第二天一早,陆羲禾便去拜访了晋国公,对于昨天宁炎的“照顾”,她十分感激云云。
晋国公提笔写了一幅字,写完迟迟没有放下笔。
他微笑道:“这幅字我左看右看,总觉得少点什么,你替我看一看。”
陆羲禾见他慈祥地冲自己点头,她走过去,站在书桌的侧面,细细地看了起来。
晋国公的字刚劲有力,可是过于在乎横平竖直,反而显得生硬。
陆羲禾眼神微暗,他是在提点自己吗?
“国公爷,恕小女愚钝,看不出有什么不妥。”她思来想去,回答道。
晋国公将她的神色尽收眼底,忽然放下毛笔,叹道:“丫头,你小小年纪,心思为何如此深?”
“小女听不懂。”
晋国公派人把那副字撤下去,打量了她一会儿。
“这里没有别人。”晋国公见她没有反应,继续说道:“我很好奇,工部尚书谢承远一事,到底是谁在暗中推波助澜?后来我一查才知道,原来告发他的是工部侍郎赵金,可是这个赵侍郎,一直是工部尚书的心腹,怎么会背叛他呢?你说怪不怪?”
陆羲禾听完这番话,心里盘算着晋国公到底知道了多少。
“或许是赵侍郎久未升迁,心生怨念,一时冲动。”她说这话时十分坦然,语气平缓,俨然一副事外人的口吻。

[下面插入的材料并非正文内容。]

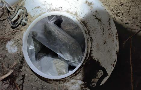 Pretresom stana i drugih prostorija, policija je, u vinogradu blizu kuće osumnjičenog, pronašla dva zakopana plastična bureta u kojima je bilo oko 15,5 kilograma marihuane zapakovane u 11 najlonskih paketa i pet papirnih vreća.

“是吗?可是我又听说,赵金的爱妻与谢承远有染,赵金一怒之下揭了谢承远的老底。赵金是怎么发现的呢?一日他休沐回家,发现妻子匆匆出门,神情紧张,赵金好奇便跟了上去,结果却发现妻子进了谢府的后门。他的妻子再大胆,也不敢堂而皇之登谢府,原来是有一个神秘人给了她一封信,模仿谢承远的笔迹,许诺她入府作证赵金宠妾灭妻,便有机会改嫁谢府。放在平时,谁会相信这样拙劣的谎言呢?巧就巧在,赵金抬了第三个妾室进门,宠爱有加,赵金的妻子早就忍受不了,所以一怒之下失去了理智。看起来是巧合的几件事,却将这三人彻底推入了死局。”
陆羲禾心底一沉,晋国公定然已经知道了一切,继续装傻充愣,只会引他猜忌,索性摊牌道:“谢承远与赵金早有隔阂,只需一根***,他们便会撕破脸。没有一个人能忍受另一半的背叛,如果谢承远不见色起意,我不会这么快得手。”
“愿意说实话了?”晋国公摇摇头,“你爹曾经是威震四方的大将军,家风严谨,当年受迫害被贬到天都做文官,也不见他记恨,背地里对别人做手脚。你娘是高门贵女,饱读诗书有大家风范。
你当真是他们教养的?”
陆羲禾被戳到了痛处,微笑道:“不瞒您说,我从小身体不好,三天两头一生病,爹爹他们希望我好好调理身体,所以给我在家中安排了个清静的地方静养。”
晋国公的表情渐渐轻松起来,“如此说来,你是自己长大的。难怪行事作风完全不像他们,跟我说说,为何要对谢承远下手?”
“谢承远身居高位,不为民求福祉,理应如此。”
晋国公笑了,“还有呢?”
陆羲禾微抿嘴唇,又怕晋国公看穿她的紧张,语速放慢回道:“仇人的朋友就是仇人。”
“丫头,你还是太年轻了。”晋国公又道:“昨天玩的开心吗?”
陆羲禾想起昨天脸上青紫一片,她“开心”得很呢!
“宁炎这个人啊,我行我素惯了,不好相处。对你这样的小丫头,他还算客气。你肯定想,为什么我要找他,对吧?你大哥得陛下赏识,这次入京述职,顺利的话就留在京城了。入朝为官不易,在天子脚下更不易。太子不作为,朝中能仰仗的只有宁炎一人了。”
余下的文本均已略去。